Private First Class Vanessa Guillen was murdered in April. Her family says that Guillen had been sexually harassed by multiple superiors, and although the main suspect in the murder was not her superior, Guillen’s death has provoked anew calls to confront sexual assault and harassment in the military.
Enter Betsy Schoeller, a longtime senior lecturer at the University of Milwaukee-Wisconsin and a retired Air National Guard colonel. By her own account, Schoeller suffered sexual harassment in the military. In a Facebook group she thought was private, in response to a post about Guillen, Schoeller parodied an attitude she considers deplorable but prevalent: “You guys are kidding, right? Sexual harassment is the price of admission for women into the good ole boy club. If you’re gonna cry like a snowflake about it, you’re gonna pay the price.” Sarcasm can easily be misunderstood, and it’s true that we have only Schoeller’s say-so concerning her intent. But that “good ole boy club” is strong evidence that we’re dealing with a parody rather than an endorsement of a disgusting attitude toward women.
But the atmosphere being what it is, the petition to can Schoeller has over 144,000 signatures as of this writing.
As the University of Wisconsin-Milwaukee (UWM) promptly pointed out, they cannot legally fire Schoeller even if she condones sexual harassment or assault. But Schoeller evidently doesn’t, which makes it troubling that the university also says that her comments are “repugnant and terribly at odds with UWM’s values.” Emily Cruz, who organized the petition, is more honest about the possibility that she misread Schoeller’s comments. She just thinks that professors should be fired if their comments aren’t proof against uncharitable misinterpretation: “There’s a certain way to say things and there’s a way not to say it, and she chose to say it the way not to say it.”
Undergraduates, right? Wrong. As I noted, Schoeller’s comments have been denounced by her own administration. They have also been disowned by the Wisconsin Air National Guard. Most strikingly, UWM’s chapter of the American Association of University Professors has gotten into the fray not to defend Schoeller’s academic freedom, the traditional role of the AAUP, but to urge that Scholler be dealt with, albeit not fired. Shadow sections of her courses must be created, so that “no student will be forced to take a class from” her. An open-ended “review of any past behaviors or complaints that may indicate problematic behaviors on the issues of gender, race, and/or sexual harassment” should “be conducted.” Her grading, where it cannot be rendered double blind, must be checked by another faculty member. Dr. Scholler must undergo “in person training” to make sure she can be expected to abide by requirements to report sexual harassment.
That is to say, Betsy Scholler should be sanctioned and further humiliated because “no matter what Dr.
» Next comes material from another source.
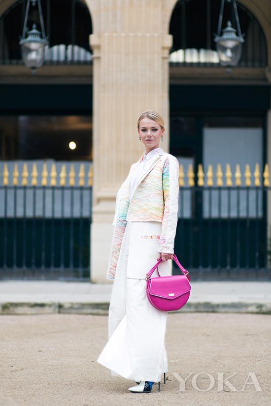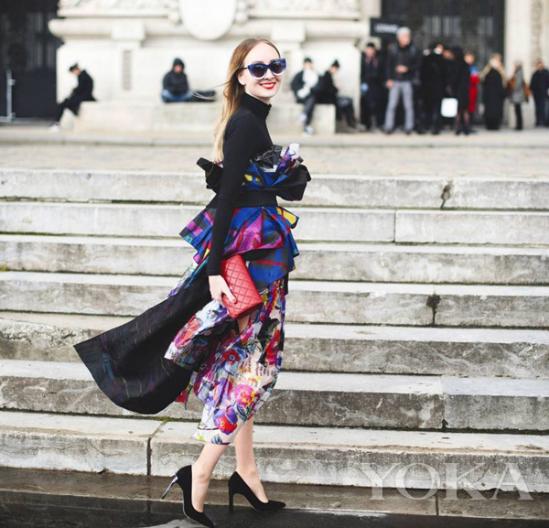 博主Sandra Kleine Staarman身上這件Leonard印花裙,狂放不羈的藝術(shù)筆觸渲染出飽和度極高的抽象印花,搭配濃郁深厚的暗調(diào)上衣與高跟鞋,顯得極為時(shí)髦、高級。不落窠臼的法式優(yōu)雅,散發(fā)著令人陶醉的女人味。比起Sandra波普風(fēng)格的濃艷重彩,同為抽象印花也可穿出淡雅風(fēng)格,博主MarynaKovaltchuk用剪裁精良的Leonard像素印花短外套搭配曳地白色長裙,清新典雅,含蓄端莊,古典精致的造型宣告出街頭的自我個(gè)性。
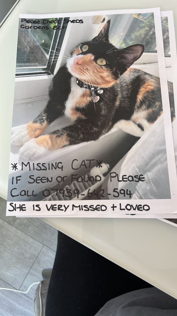 Posting for 5+ yearsSmall Cute Tortoiseshell and white. Calico. Not kitten. Missing from Halvergate

Schoeller intended,” students who “interpret her statement” to mean the opposite of what the evidence suggests it meant must be mollified, rather than invited to read and consider her explanation and apology. Again, this is from the group charged with defending academic freedom at UWM. They should all turn in their badges.
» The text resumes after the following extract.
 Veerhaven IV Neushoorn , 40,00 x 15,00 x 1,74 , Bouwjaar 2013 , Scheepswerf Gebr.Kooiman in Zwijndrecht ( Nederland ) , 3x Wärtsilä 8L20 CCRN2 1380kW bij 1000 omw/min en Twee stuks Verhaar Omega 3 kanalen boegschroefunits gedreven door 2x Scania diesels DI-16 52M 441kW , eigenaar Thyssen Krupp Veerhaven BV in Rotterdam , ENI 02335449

Looking at cases akin to the one discussed here, in academics, journalism, and elsewhere, an all-star cast of artists and intellectuals of various political persuasions—from the novelist, Salman Rushdie, to the musician Wynton Marsalis, to the columnist David Brooks—have signed on to a letter, slated to appear in Harper’s Magazine, warning of “a new set of moral attitudes and political commitments,” on the right and the left, “that tend to weaken our norms of open debate and toleration of differences in favor of ideological conformity.” Although the letter suggests, wrongly, that this sort of attitude has grown strong on the left only recently, and despite the follow-up grumblings of some of the letter’s signatories, we should applaud the effort. It will be hard to dismiss.